◆ **Assignment**: Where the material below has a line containing "本实用新型公开了一种禽流感疫", start repeating exactly, and keep going through the line containing "При необходимости поставьте", with no other lines.

◆ **Excerpted records**:
● ● ●

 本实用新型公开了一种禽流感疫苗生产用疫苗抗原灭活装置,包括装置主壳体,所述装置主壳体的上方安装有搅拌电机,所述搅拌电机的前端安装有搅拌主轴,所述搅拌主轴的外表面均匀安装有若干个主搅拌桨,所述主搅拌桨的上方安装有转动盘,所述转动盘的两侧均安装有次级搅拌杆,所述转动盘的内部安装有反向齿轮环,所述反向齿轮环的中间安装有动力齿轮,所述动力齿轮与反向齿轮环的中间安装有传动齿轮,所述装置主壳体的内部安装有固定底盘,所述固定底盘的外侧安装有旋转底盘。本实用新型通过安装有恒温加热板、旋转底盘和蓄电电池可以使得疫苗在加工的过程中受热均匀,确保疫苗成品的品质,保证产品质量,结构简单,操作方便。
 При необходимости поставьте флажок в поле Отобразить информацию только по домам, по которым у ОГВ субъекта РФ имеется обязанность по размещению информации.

● ● ●

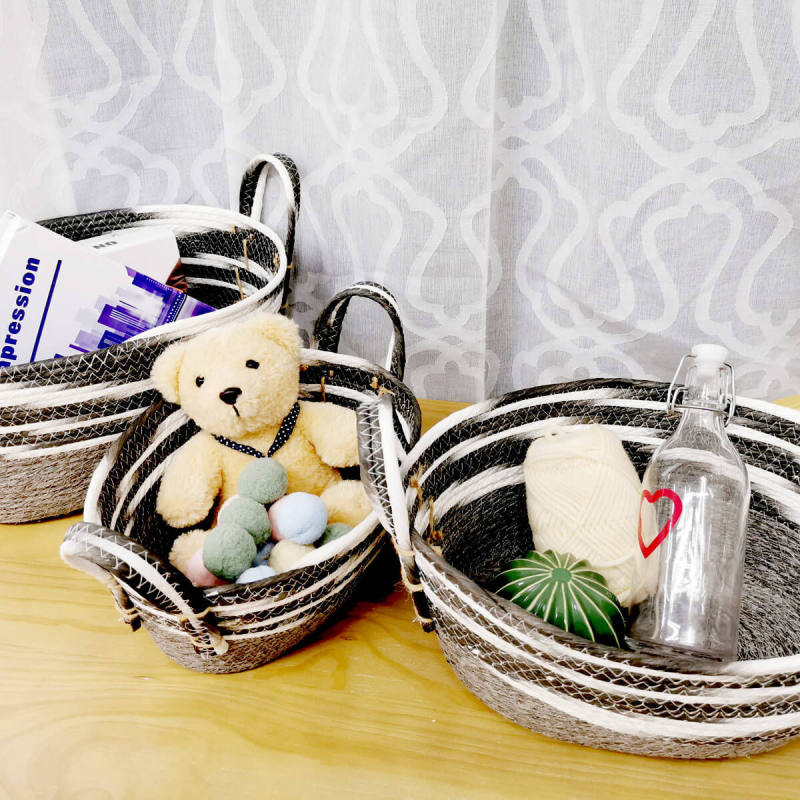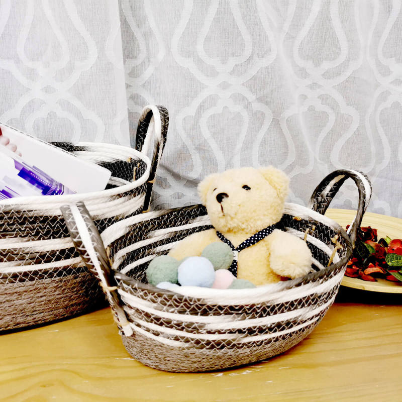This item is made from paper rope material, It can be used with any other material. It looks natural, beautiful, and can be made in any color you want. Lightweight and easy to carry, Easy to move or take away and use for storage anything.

● ● ●

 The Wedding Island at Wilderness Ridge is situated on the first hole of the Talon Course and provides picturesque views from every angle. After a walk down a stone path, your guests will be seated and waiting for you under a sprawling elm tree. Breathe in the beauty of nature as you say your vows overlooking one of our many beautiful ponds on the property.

● ● ●

◆ **Response area**:
 本实用新型公开了一种禽流感疫苗生产用疫苗抗原灭活装置,包括装置主壳体,所述装置主壳体的上方安装有搅拌电机,所述搅拌电机的前端安装有搅拌主轴,所述搅拌主轴的外表面均匀安装有若干个主搅拌桨,所述主搅拌桨的上方安装有转动盘,所述转动盘的两侧均安装有次级搅拌杆,所述转动盘的内部安装有反向齿轮环,所述反向齿轮环的中间安装有动力齿轮,所述动力齿轮与反向齿轮环的中间安装有传动齿轮,所述装置主壳体的内部安装有固定底盘,所述固定底盘的外侧安装有旋转底盘。本实用新型通过安装有恒温加热板、旋转底盘和蓄电电池可以使得疫苗在加工的过程中受热均匀,确保疫苗成品的品质,保证产品质量,结构简单,操作方便。
 При необходимости поставьте флажок в поле Отобразить информацию только по домам, по которым у ОГВ субъекта РФ имеется обязанность по размещению информации.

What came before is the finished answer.